Task requirements — For the data below, restate word for word only the lines from the line containing "Slika 6 Ksantan guma u prahu (Web izvor 5)" through the line containing "Ksantan guma ( Slika", both ends included.

Dataset content —
=======

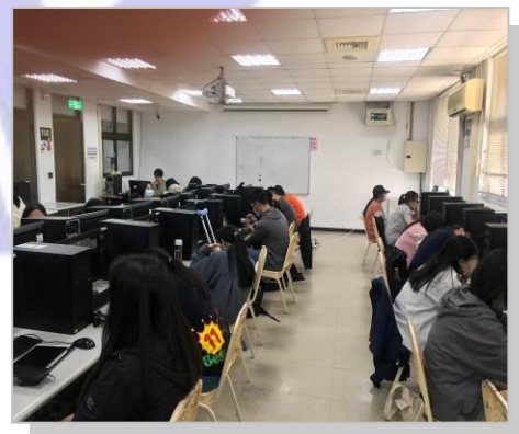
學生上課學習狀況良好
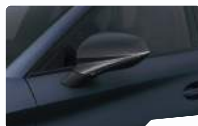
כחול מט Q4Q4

=======

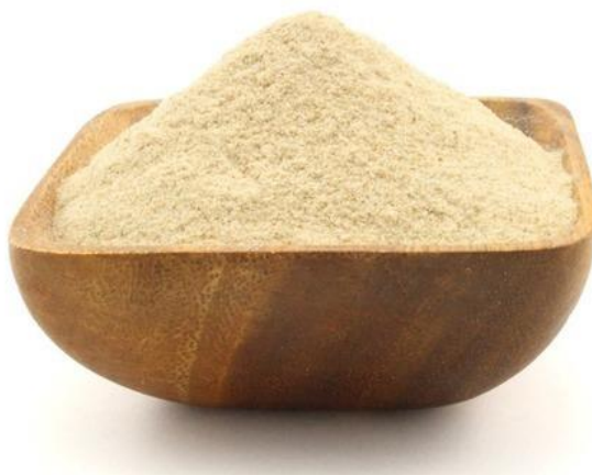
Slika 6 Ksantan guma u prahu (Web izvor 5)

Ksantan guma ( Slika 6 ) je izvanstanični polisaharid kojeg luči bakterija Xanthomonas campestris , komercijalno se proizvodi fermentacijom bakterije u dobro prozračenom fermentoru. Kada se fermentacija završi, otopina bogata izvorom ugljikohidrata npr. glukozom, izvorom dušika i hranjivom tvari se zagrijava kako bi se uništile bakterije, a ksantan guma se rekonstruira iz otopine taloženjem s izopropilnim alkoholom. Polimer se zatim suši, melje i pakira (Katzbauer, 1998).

=======

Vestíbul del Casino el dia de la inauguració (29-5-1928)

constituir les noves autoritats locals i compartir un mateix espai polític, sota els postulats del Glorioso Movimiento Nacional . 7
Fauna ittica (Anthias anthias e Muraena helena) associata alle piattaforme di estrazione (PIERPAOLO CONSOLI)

=======

Solution to this task —
Slika 6 Ksantan guma u prahu (Web izvor 5)

Ksantan guma ( Slika 6 ) je izvanstanični polisaharid kojeg luči bakterija Xanthomonas campestris , komercijalno se proizvodi fermentacijom bakterije u dobro prozračenom fermentoru. Kada se fermentacija završi, otopina bogata izvorom ugljikohidrata npr. glukozom, izvorom dušika i hranjivom tvari se zagrijava kako bi se uništile bakterije, a ksantan guma se rekonstruira iz otopine taloženjem s izopropilnim alkoholom. Polimer se zatim suši, melje i pakira (Katzbauer, 1998).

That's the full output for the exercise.